The term “a memory gets stuck in the amygdala due to too much LTP between neurons” is a metaphoric or heuristic statement that was utilized a great deal in the middle to late 90s. From more recent research we now know that memories are not contained in any one part of the brain, but rather are stored in fragmented forms in the various distributed neural networks that were active when the event (to be remembered) was first encoded. It appears that the Engram (the neural map of the various distributed sites containing the fragments of information that was processed during the encoding of the experience and which requires reactivation in order to produce the experience of remembering something) is mediated in the hippocampus and para-hippocampal regions.
While the limbic system, and the amygdala within it, are certainly very important brain areas when it comes to our experience of emotions, neuroscientific research makes it clear that our emotionality is not restricted to these areas alone. Richard Davidson’s research has demonstrated that the right frontal lobe of the brain is highly involved in distressed emotion (Davidson & Begley 2012), and evidence provided by Panksepp & Biven (2012) makes it clear that areas of the brainstem are also highly important. In fact, Panksepp states that, “we know from neuroanatomy that the most important area for emotions is not the amygdala, as some people have marketed, but it is in the mid-brain, at the very core of the brain area called periaqueductal gray, because that’s where we get emotional behaviors at the lowest amount of electricity for deep brain stimulation.” (2012). Panksepp & Biven (2012) discuss the neurological fear circuit, which includes the periaqueductal gray, in addition to the amygdala, as well as the frontal lobes.

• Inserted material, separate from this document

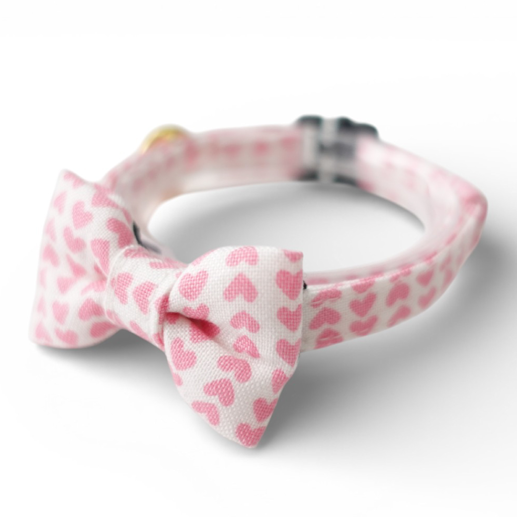 ミニリボン《とろける恋心コレクション 〜Red Check & Heart〜》リボンタイプの猫首輪(ハートドット)成猫・子猫/2サイズ展開 [ミニRCH-3]

Information processing/consciousness (sensation, perception, cognition, memory, emotion, and somatosensory integration) are mediated by neural linkage and neural temporal binding When memory is accessed adaptively, it is linked with emotional, cognitive, somato-sensorial and semantic networks which facilitate its accuracy and appropriateness with respect to time, place and contextual situation. When processed traumatically, or under fearful circumstances, experiences appearto be encoded, but unlinked to existing neural networks. Pathology/PTSD results when the linkage/binding systems in the information processing system are impaired. Therefore, experiences are inadequately processed and unlinked to somatosensory, cognitive , emotional and memorial networks, thereby becoming susceptible to inappropriate access and experienced in fragmented form, with respect to time, place and context. This phenomenon of PTSD is what used to get characterized as “memory stuck in the amygdala” prior to our current understanding of neural linkage and binding.
The exact mechanisms of EMDR’s amelioration of PTSD symptoms is not as yet known. What appears to be clear from the outside, is that it appears to mediate the following: desensitization/depotentiation of fear circuits (encompassing areas of the brainstem, midbrain and limbic areas, anterior cingulate gyrus, and orbitofrontal cortex); and the facilitation of neural linkage of somatosensory, cognitive , emotional and memorial networks and the temporal binding of these areas.
Just exactly how bilateral sensory stimulation, combined with clinical procedures, accomplishes all of this is yet to be inferred empirically. The article referenced in your question attempts to explain the desensitization/depotentiation, utilizing data from a qEEG examination of EMDR.